- [Data for this exercise]:
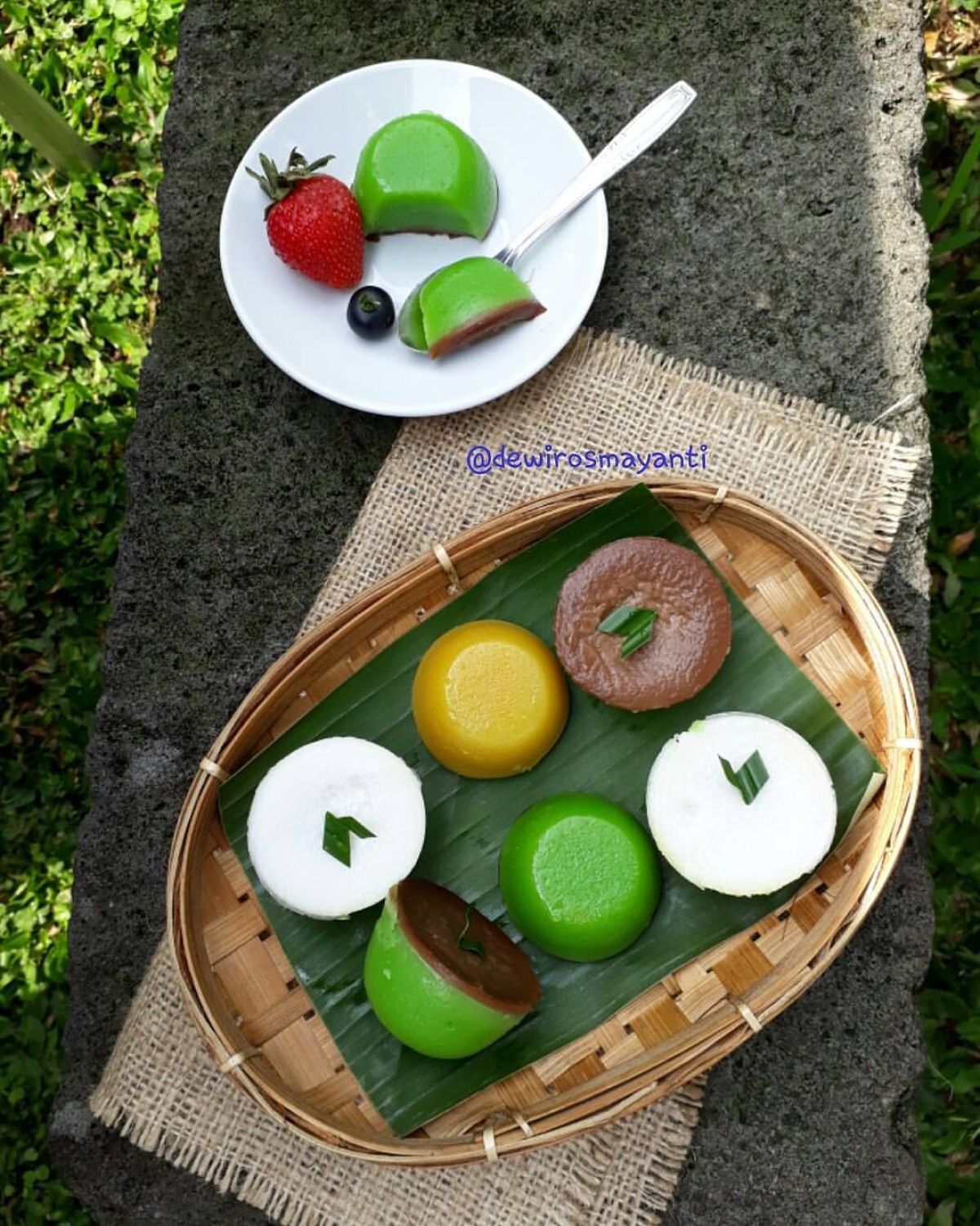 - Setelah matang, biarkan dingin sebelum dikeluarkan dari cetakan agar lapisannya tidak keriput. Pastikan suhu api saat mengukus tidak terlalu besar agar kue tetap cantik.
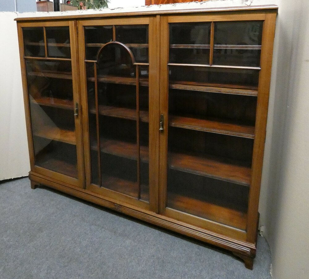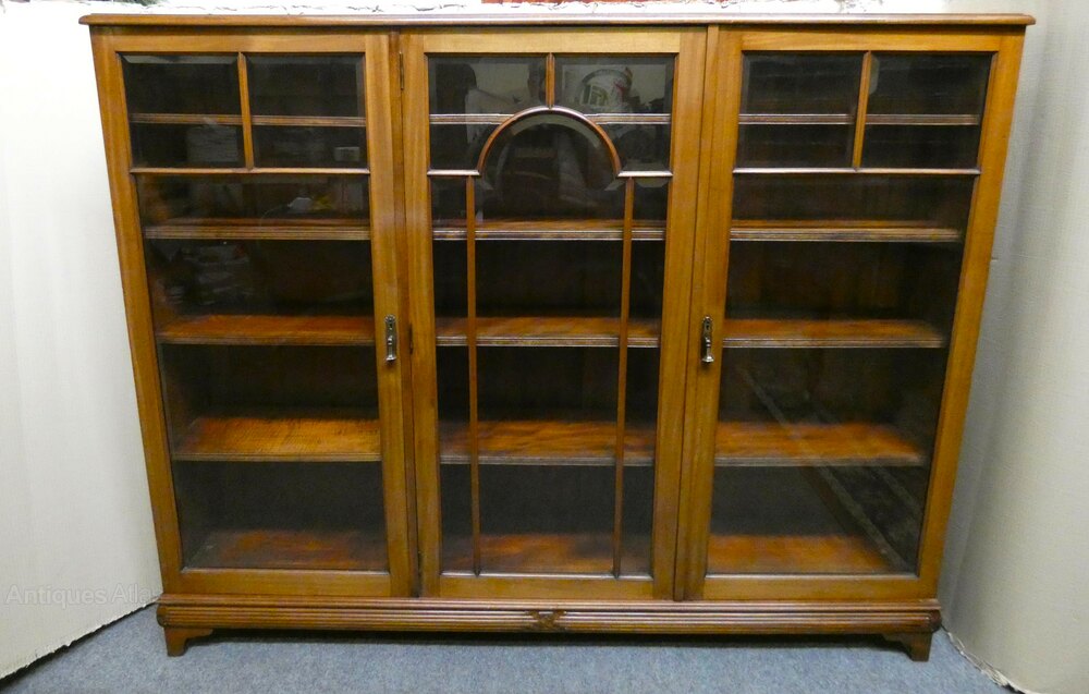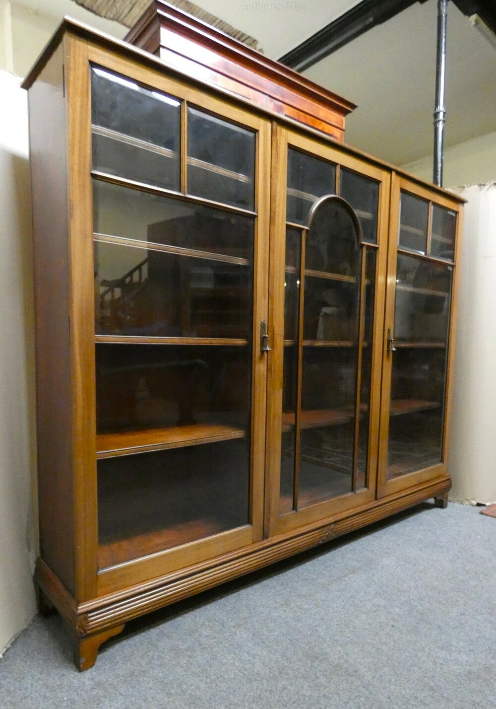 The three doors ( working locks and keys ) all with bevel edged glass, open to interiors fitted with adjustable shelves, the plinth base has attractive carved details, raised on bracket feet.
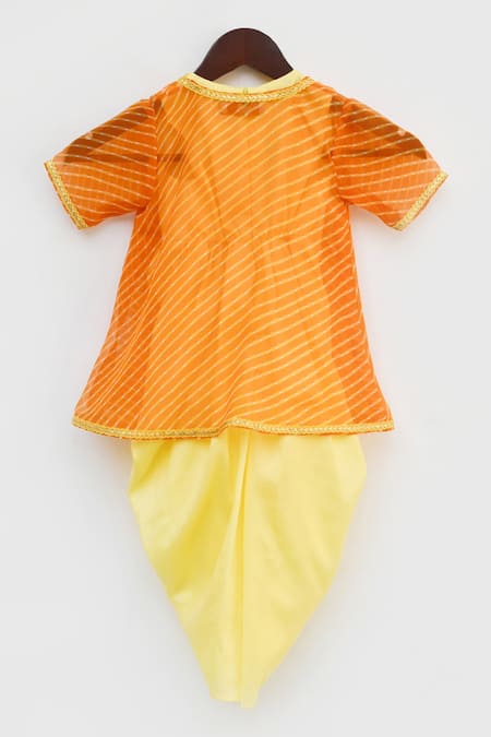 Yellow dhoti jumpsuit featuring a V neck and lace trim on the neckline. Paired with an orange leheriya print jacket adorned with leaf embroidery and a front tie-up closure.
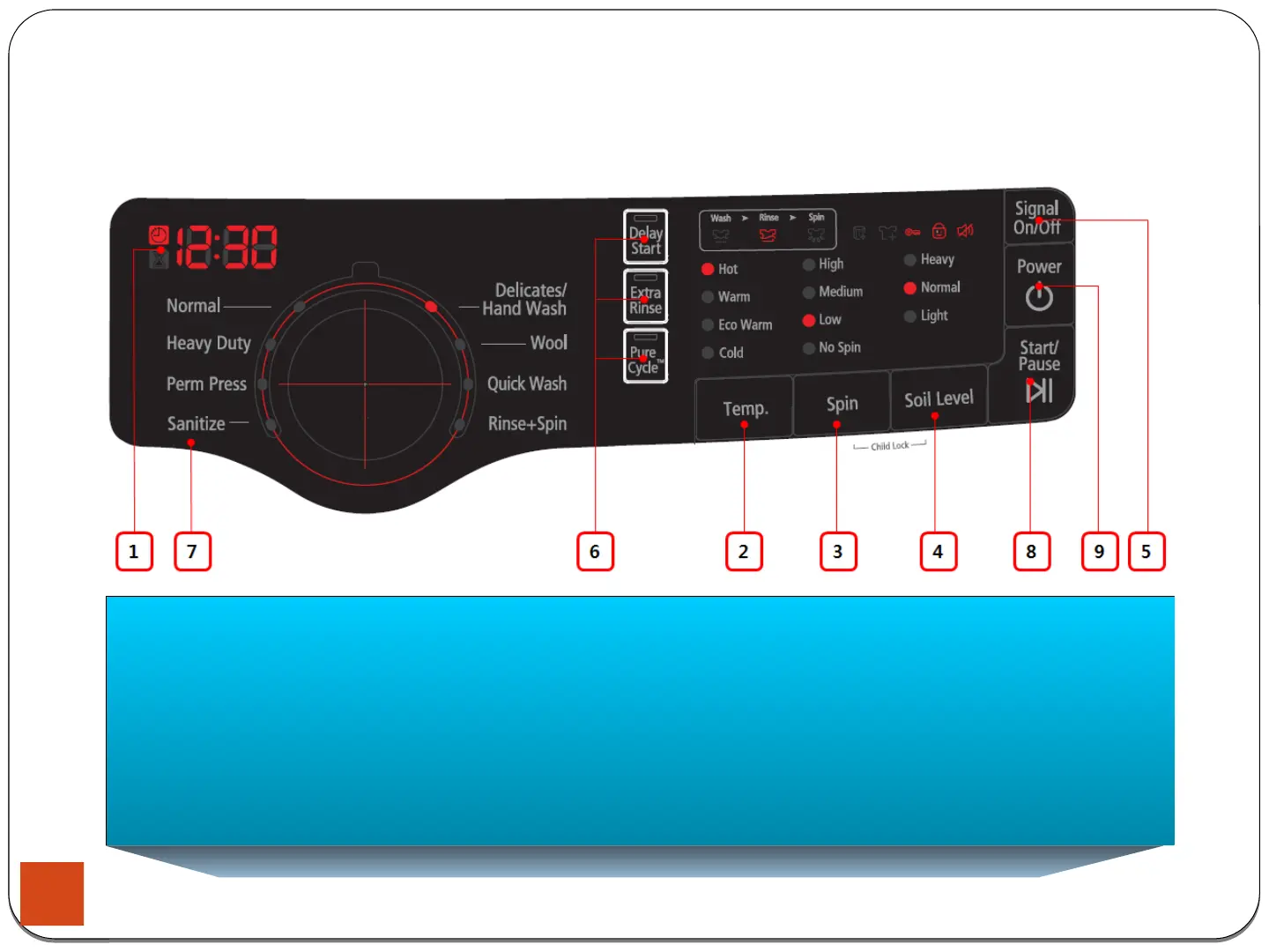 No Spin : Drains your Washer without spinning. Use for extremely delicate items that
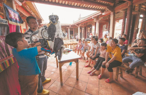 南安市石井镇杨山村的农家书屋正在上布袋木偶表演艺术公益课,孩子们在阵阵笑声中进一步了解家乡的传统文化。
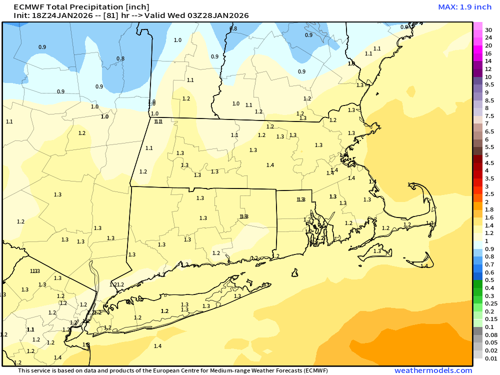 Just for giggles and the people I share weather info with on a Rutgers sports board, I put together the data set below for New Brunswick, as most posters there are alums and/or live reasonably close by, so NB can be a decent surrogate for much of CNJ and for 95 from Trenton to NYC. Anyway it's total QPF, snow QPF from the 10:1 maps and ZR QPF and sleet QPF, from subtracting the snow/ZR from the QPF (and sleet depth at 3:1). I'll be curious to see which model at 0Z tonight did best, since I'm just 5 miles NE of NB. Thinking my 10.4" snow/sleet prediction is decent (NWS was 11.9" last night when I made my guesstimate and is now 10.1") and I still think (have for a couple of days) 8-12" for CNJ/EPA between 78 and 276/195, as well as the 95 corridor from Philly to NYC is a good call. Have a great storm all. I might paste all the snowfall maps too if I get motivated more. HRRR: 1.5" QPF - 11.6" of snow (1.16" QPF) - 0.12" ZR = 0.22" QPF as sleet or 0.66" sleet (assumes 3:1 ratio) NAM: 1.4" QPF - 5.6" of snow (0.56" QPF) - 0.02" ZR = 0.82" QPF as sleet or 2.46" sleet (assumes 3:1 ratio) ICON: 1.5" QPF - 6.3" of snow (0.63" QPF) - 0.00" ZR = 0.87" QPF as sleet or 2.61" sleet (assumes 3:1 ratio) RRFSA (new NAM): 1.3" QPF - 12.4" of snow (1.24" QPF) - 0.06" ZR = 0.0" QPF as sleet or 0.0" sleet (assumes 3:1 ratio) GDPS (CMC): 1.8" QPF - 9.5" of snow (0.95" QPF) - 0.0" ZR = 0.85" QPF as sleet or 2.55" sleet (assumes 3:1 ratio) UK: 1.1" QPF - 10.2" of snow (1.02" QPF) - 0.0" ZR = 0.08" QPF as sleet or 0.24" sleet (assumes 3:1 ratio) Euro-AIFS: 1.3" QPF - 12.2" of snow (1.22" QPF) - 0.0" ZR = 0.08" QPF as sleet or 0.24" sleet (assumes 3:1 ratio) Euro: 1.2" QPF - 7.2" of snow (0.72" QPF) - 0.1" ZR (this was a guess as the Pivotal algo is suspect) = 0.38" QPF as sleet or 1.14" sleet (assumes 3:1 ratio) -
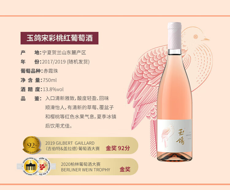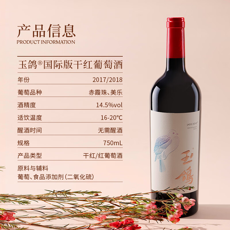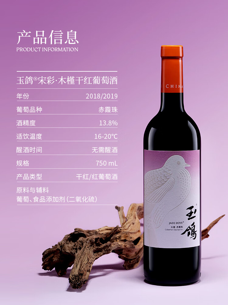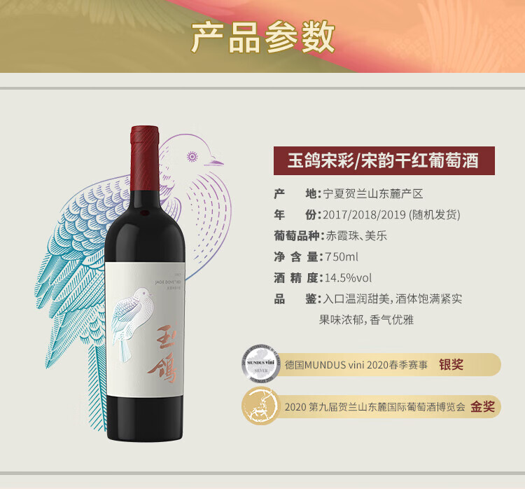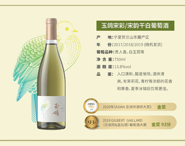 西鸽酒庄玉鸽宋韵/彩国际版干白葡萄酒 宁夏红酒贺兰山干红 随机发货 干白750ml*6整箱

- [Required action]:
All of the entries above should be retyped exactly, with the pictures left out.

- [Solution to this task]:
 - Setelah matang, biarkan dingin sebelum dikeluarkan dari cetakan agar lapisannya tidak keriput. Pastikan suhu api saat mengukus tidak terlalu besar agar kue tetap cantik.
 The three doors ( working locks and keys ) all with bevel edged glass, open to interiors fitted with adjustable shelves, the plinth base has attractive carved details, raised on bracket feet.
 Yellow dhoti jumpsuit featuring a V neck and lace trim on the neckline. Paired with an orange leheriya print jacket adorned with leaf embroidery and a front tie-up closure.
 No Spin : Drains your Washer without spinning. Use for extremely delicate items that
 南安市石井镇杨山村的农家书屋正在上布袋木偶表演艺术公益课,孩子们在阵阵笑声中进一步了解家乡的传统文化。
 Just for giggles and the people I share weather info with on a Rutgers sports board, I put together the data set below for New Brunswick, as most posters there are alums and/or live reasonably close by, so NB can be a decent surrogate for much of CNJ and for 95 from Trenton to NYC. Anyway it's total QPF, snow QPF from the 10:1 maps and ZR QPF and sleet QPF, from subtracting the snow/ZR from the QPF (and sleet depth at 3:1). I'll be curious to see which model at 0Z tonight did best, since I'm just 5 miles NE of NB. Thinking my 10.4" snow/sleet prediction is decent (NWS was 11.9" last night when I made my guesstimate and is now 10.1") and I still think (have for a couple of days) 8-12" for CNJ/EPA between 78 and 276/195, as well as the 95 corridor from Philly to NYC is a good call. Have a great storm all. I might paste all the snowfall maps too if I get motivated more. HRRR: 1.5" QPF - 11.6" of snow (1.16" QPF) - 0.12" ZR = 0.22" QPF as sleet or 0.66" sleet (assumes 3:1 ratio) NAM: 1.4" QPF - 5.6" of snow (0.56" QPF) - 0.02" ZR = 0.82" QPF as sleet or 2.46" sleet (assumes 3:1 ratio) ICON: 1.5" QPF - 6.3" of snow (0.63" QPF) - 0.00" ZR = 0.87" QPF as sleet or 2.61" sleet (assumes 3:1 ratio) RRFSA (new NAM): 1.3" QPF - 12.4" of snow (1.24" QPF) - 0.06" ZR = 0.0" QPF as sleet or 0.0" sleet (assumes 3:1 ratio) GDPS (CMC): 1.8" QPF - 9.5" of snow (0.95" QPF) - 0.0" ZR = 0.85" QPF as sleet or 2.55" sleet (assumes 3:1 ratio) UK: 1.1" QPF - 10.2" of snow (1.02" QPF) - 0.0" ZR = 0.08" QPF as sleet or 0.24" sleet (assumes 3:1 ratio) Euro-AIFS: 1.3" QPF - 12.2" of snow (1.22" QPF) - 0.0" ZR = 0.08" QPF as sleet or 0.24" sleet (assumes 3:1 ratio) Euro: 1.2" QPF - 7.2" of snow (0.72" QPF) - 0.1" ZR (this was a guess as the Pivotal algo is suspect) = 0.38" QPF as sleet or 1.14" sleet (assumes 3:1 ratio) -
 西鸽酒庄玉鸽宋韵/彩国际版干白葡萄酒 宁夏红酒贺兰山干红 随机发货 干白750ml*6整箱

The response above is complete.